Overall this went MUCH better than I expected. I’ll gladly take a week of fever with minimal respiratory symptoms over a standard cold or any other respiratory virus! But I will also be glad when the remaining fever finally fades and I get my energy back. I’m tired of being tired!

Saturday, March 3, 2018

Kinda sick, yet again


I’ve been feeling pretty good the last couple weeks. I tolerated walking and other activities pretty well, and at pulmonary rehab my heart rate was noticeably lower and more stable. I’ve really been enjoying feeling mostly functional for the first time in months.

Wednesday morning I woke up shivering and knew I had a fever. Sure enough, the thermometer read 101.7. I thought I was probably coming down with yet another cold, but oddly I didn’t have any other symptoms – no runny nose, no sore throat, no congestion. I basically felt perfectly fine aside from fever fatigue. I reached out to my doctor, and we decided to start me on IV fluids immediately to help me weather whatever infection was brewing in my body.

Thursday I noticed some upper respiratory irritation and increased dry cough, but still nothing wildly significant. Thursday night however I became increasingly short of breath, and I had to do a nebulizer at 5am on Friday because my airways felt so inflamed that it actually hurt. My fever had also taken a turn for the dramatic and shot up to 103.1. Which meant I got to rush out erev Shabbos during a blizzard to see my doctor, because of course I have to do these things in the most stressful and inconvenient way possible. I thought I was going to be admitted, but surprisingly my pulmonary function numbers were the same as 2 weeks ago, so thankfully my lungs hadn’t taken a hit from the infection. They did a flu swab, but since it takes a few days to get the results I started taking Tamiflu just in case that’s what I have. I also started an oral antibiotic to help keep my CF infections in check while my body battles whatever virus I have. And then I went home and basically slept for the entire Shabbos.

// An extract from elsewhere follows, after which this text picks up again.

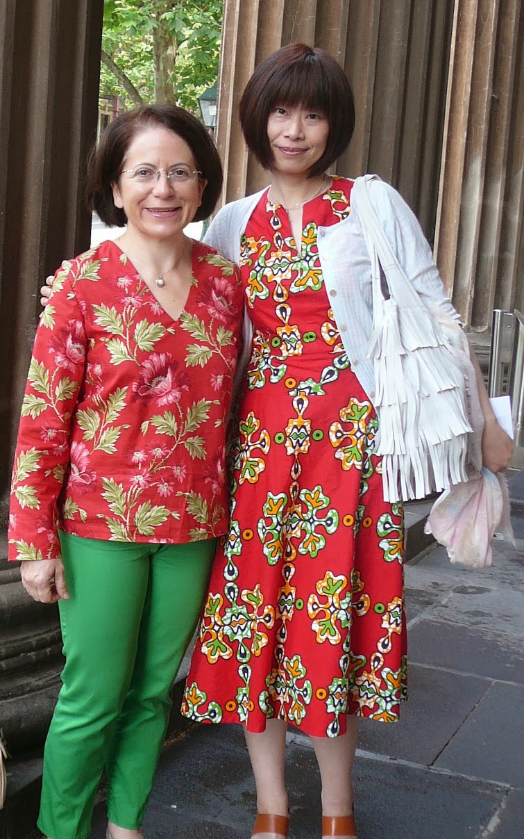 TJ, Yoshimi and I had a great Indian dinner on the Friday night, wearing our own makes. TJ and Yoshimi‘s write ups give you a better idea of how great the weekend was. GJ’s and Clear it outlet were my Friday afternoon fabric pre-weekend purchase haunts. Yoshimi flew into Melbourne after a wonderful week with the lovely Carolyn.
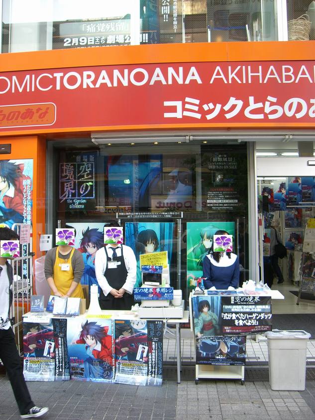 諸事情で会社を休んでアキバに行ってみたら、5月20日発売された「空の境界 俯瞰風景」 DVDが発売されており、この日の各店舗の販売風景を見て来ました。 ちなみにFate/stayNightが好きで奈須きのこ作品ということで一度は読んでいるのですが、 なかなかダークネスで面白かったのですが、DVDを購入してまでといった感じを持っていました。 もちろん、劇場版も観ていません。(観たいとは、思うんですけど・・・まぁ、全話が出揃ったら 観てみたい、と思います) ということで、「空の境界 俯瞰風景」が発売された5月21日のアキバの様子をご紹介します。

I was EXTREMELY upset when I woke up sick on Wednesday. First of all, I had only felt decent for 2 weeks, and it wasn’t even 2 weeks since I stopped IVs. But also, Purim started Wednesday night, and I was worried that I would miss all the fun. I was particularly bitter after spending all Chanukah in the hospital. I just can’t seem to catch a break this winter!! Fortunately, my symptoms weren’t too bad Wednesday and Thursday, and I was able to costume up and get out and participate in the holiday. Though I wish this illness could have held off just a couple days, I’m VERY grateful that I still got to enjoy Purim!

I’m also very glad that I got to show off the costume I worked so hard on: A rabid Eagles fan, complete with a Philly street pole to climb! And of course, shalach manos in Eagles green, including homemade green hamentashen!